As cities become more involved in environmental efforts, it can benefit greatly from the field of urban earth science, which adapts earth science techniques to cities to account for the presence of humans and manmade structures. Urban earth science deals with the uncontrollability of those factors and attempts to come to conclusions about what actions to take in an urban environment.

Here is an example of using urban earth science to successfully test carbon content in soil samples in Boston:

But working in cities poses certain constraints. On several occasions, Hutyra has located studies in other professors’ backyards, where she knows her equipment won’t be tampered with, but that means the sites aren’t a random sample. When Million Trees NYC started removing sidewalk pavement to create new tree boxes, Hutyra and a post-doctoral student were invited to take soil samples of the newly uncovered earth, some of which had been entombed for over 100 years. But there was no obvious undisturbed control site. They ended up sampling non-entombed soils wherever they could find them.

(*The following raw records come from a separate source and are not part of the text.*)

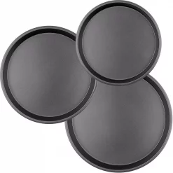 Southern Homewares loves to help out around the kitchen and the 3-piece round baking pan set is sure to do just that, with a non-stick coating these pans are the perfect companion for your next culinary masterpiece. They are perfect for cooking tiered cakes, baking cookies, making deep dish pizza or even oven roasting meats like chicken or bacon. When non- in use they can stack inside each other to help save valuable cabinet space. Set includes three pans. One with an 8 in. Dia and a 0.80 in. depth, one with a 9 in. Dia and a 0.88 in. depth, and one with a 10 in. Dia and a 0.90 in. depth. Pan walls and bottoms are 0.02 in. thick. Overall set dimensions are 10.63 in. x 10.63 in. x 1.27 in.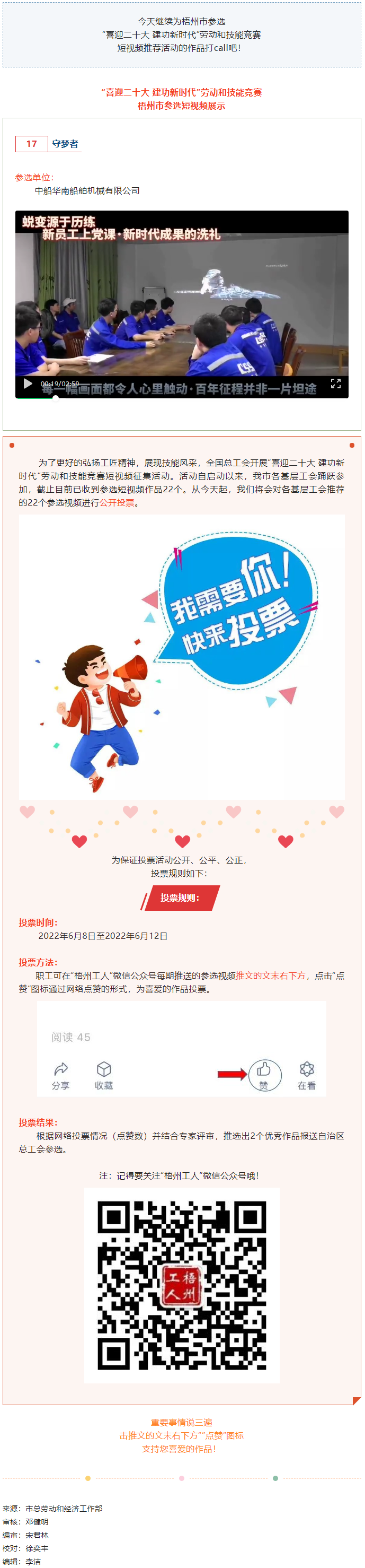 中船華南船舶機械有限公司參選作品(一)丨“喜迎二十大 建功新時代” 勞動和技能競賽短視頻投票活動開始啦!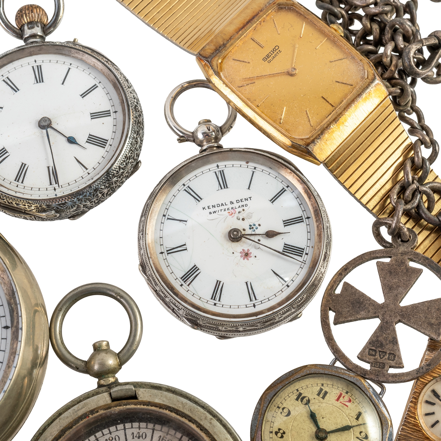 Comprising; a silver cased, keyless wind, openfaced fob watch, Birmingham 1887, a silver cased, key wind openfaced fob watch, detailed 0.,935, three further pocket watches, a pocket compass, seven various wristwatches, an expanding wristwatch bracelet, a silver curb link watch Albert chain, with two silver rob medals and two silver swivels and a base metal curb link long chain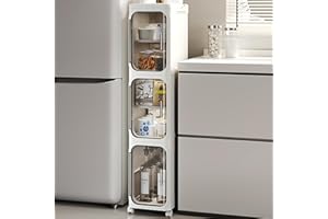 Guyyelt キッチン 収納 すき間収納 引出し スーパースリム キッチン収納 キッチン収納ボックス 調味料ラック キッチン収納棚 ローラー付き 簡単組み立て 食品保存 アイテムの保管と整理 リビングルーム、キッチン、バルコニー、寝室、トイレなどに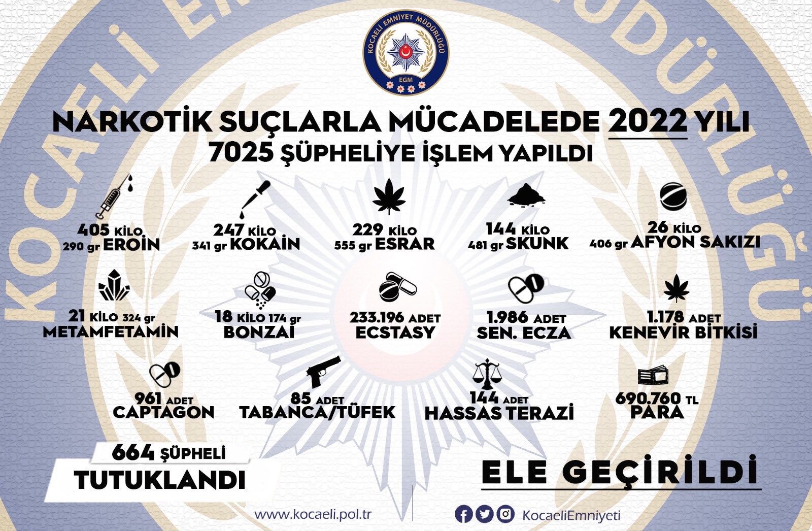 Kocaeli İl Emniyet Müdürlüğü’ne bağlı ekipler, 2022 yılında narkotik suçlarla mücadele çerçevesindeki çalışmalarında 405 kilo 290 gram eroin, 247 kilo 341 gram kokain, 229 kilo 555 gram esrar, 144 kilo 481 gram skunk, 26 kilo 406 gram afyon sakızı, 21 kilo 324 gram metamfetamin, 18 kilo 174 gram bonzai, 233 bin 196 ecstasy, bin 986 sentetik ecza, bin 178 kenevir bitkisi, 961 captagon, 85 tabanca/tüfek, 144 hassas terazi ve 690 bin 760 TL para ele geçirdi. 7 bin 25 şüpheli hakkında işlem yapılırken, şahısların 664'ü tutuklandı.
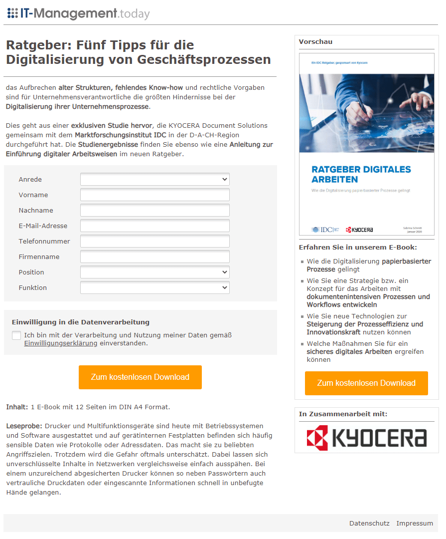 Dies geht aus einer exklusiven Studie hervor, die KYOCERA Document Solutions gemeinsam mit dem Marktforschungsinstitut IDC in der D-A-CH-Region durchgeführt hat. Die Studienergebnisse finden Sie ebenso wie eine Anleitung zur Einführung digitaler Arbeitsweisen in unserem neuen Ratgeber.

“It was far from perfect,” says Hutyra, and she’s up front about that in her research. But the results were intriguing: The soil’s carbon was depleted by around two-thirds and its nitrogen by 95 percent. That meant the city needed to increase the depth of its excavations to backfill with more nitrogen-rich soil, but the finding could also have implications worldwide. If those numbers hold true in other locations, “that’s a lot of soils that are basically sterile now. And that carbon is gone so it’s contributed to the climate problem that we now have,” says Hutyra.

As cities go to work on their climate plans, Hutyra and Templer agree, they’ll benefit from greater access to this type of research. In Boston, for example, a study they conducted together found that while fossil fuel combustion was far and away the biggest source of CO2 in the center of the city, in the more residential areas emissions from soil were nearly on par. Templer attributes that finding to the overapplication of store-bought fertilizers. Mayors are doing a great job focusing on emissions in their climate plans, she says, “but for the most part, if not everywhere, they only focus on human emissions of CO2 like fossil fuel combustion.” If, instead of raking them all away, Bostonians were to keep some of their fallen leaves each autumn to use as natural mulch, it could have an impact on CO2 emissions too.